━━ Entries provided

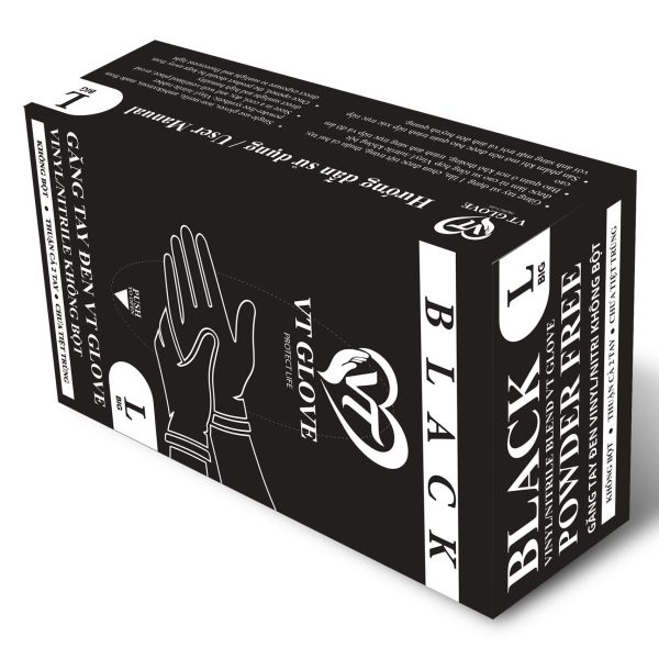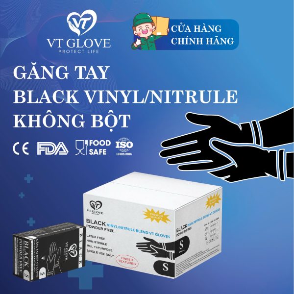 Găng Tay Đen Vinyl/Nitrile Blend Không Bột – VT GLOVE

━━━━
━━ Entries provided

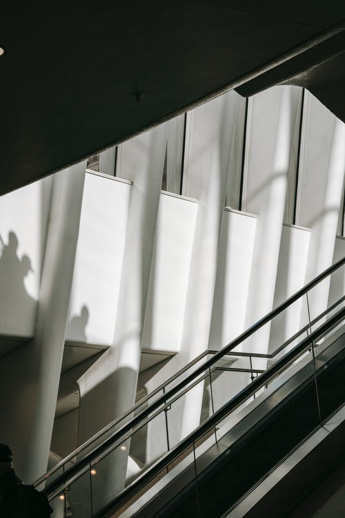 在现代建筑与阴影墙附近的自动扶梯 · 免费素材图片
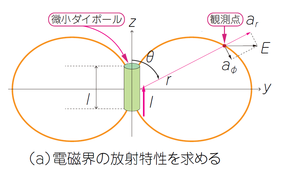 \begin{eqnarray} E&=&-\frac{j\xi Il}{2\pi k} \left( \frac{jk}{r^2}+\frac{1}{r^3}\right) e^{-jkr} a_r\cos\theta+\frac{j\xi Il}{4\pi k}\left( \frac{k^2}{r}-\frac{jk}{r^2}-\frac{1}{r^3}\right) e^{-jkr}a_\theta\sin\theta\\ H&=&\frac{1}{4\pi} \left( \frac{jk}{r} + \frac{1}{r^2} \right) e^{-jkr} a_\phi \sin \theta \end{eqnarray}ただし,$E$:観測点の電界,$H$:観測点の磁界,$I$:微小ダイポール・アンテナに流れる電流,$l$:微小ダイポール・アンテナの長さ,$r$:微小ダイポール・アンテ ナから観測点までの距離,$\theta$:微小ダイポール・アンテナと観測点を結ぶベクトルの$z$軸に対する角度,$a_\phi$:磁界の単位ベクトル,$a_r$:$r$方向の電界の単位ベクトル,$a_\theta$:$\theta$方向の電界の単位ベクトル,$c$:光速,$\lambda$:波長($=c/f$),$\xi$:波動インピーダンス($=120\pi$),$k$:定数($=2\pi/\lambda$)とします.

━━━━
━━ Entries provided

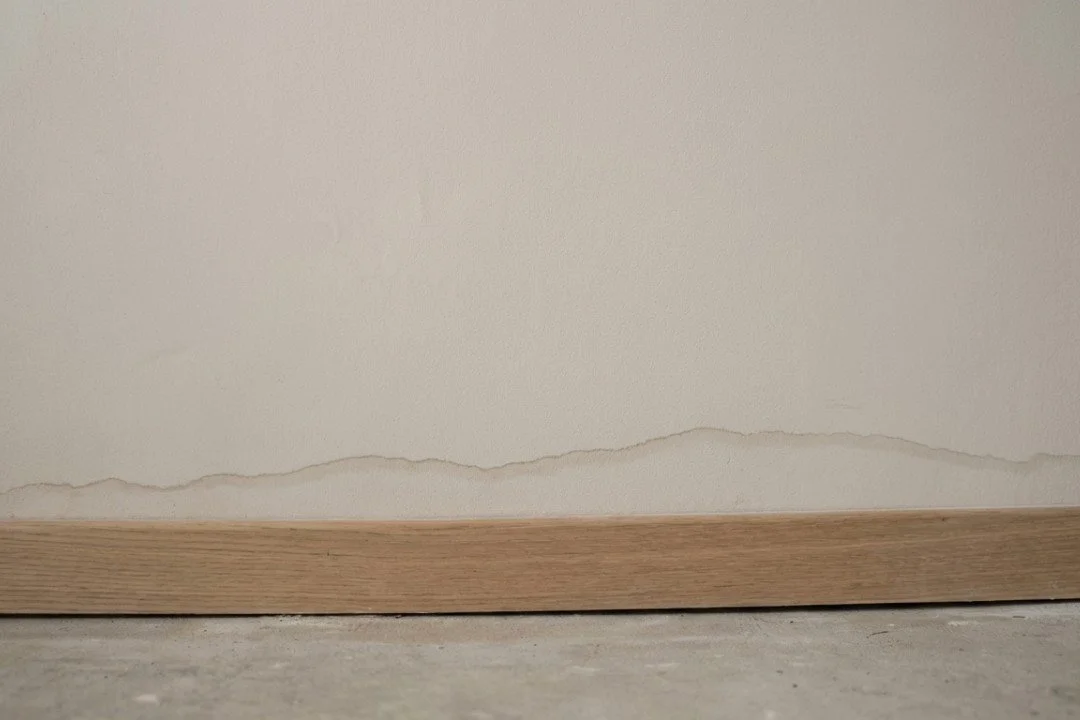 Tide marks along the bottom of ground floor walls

━━━━

### Task to carry out
Every line above between the one containing "在现代建筑与阴影墙附近的自动扶梯 · 免费素材图片" and the one containing "a_\phi \sin \theta", those two included, is to be printed exactly. No pictures go into the copy.

### Your response
 在现代建筑与阴影墙附近的自动扶梯 · 免费素材图片
 \begin{eqnarray} E&=&-\frac{j\xi Il}{2\pi k} \left( \frac{jk}{r^2}+\frac{1}{r^3}\right) e^{-jkr} a_r\cos\theta+\frac{j\xi Il}{4\pi k}\left( \frac{k^2}{r}-\frac{jk}{r^2}-\frac{1}{r^3}\right) e^{-jkr}a_\theta\sin\theta\\ H&=&\frac{1}{4\pi} \left( \frac{jk}{r} + \frac{1}{r^2} \right) e^{-jkr} a_\phi \sin \theta \end{eqnarray}ただし,$E$:観測点の電界,$H$:観測点の磁界,$I$:微小ダイポール・アンテナに流れる電流,$l$:微小ダイポール・アンテナの長さ,$r$:微小ダイポール・アンテ ナから観測点までの距離,$\theta$:微小ダイポール・アンテナと観測点を結ぶベクトルの$z$軸に対する角度,$a_\phi$:磁界の単位ベクトル,$a_r$:$r$方向の電界の単位ベクトル,$a_\theta$:$\theta$方向の電界の単位ベクトル,$c$:光速,$\lambda$:波長($=c/f$),$\xi$:波動インピーダンス($=120\pi$),$k$:定数($=2\pi/\lambda$)とします.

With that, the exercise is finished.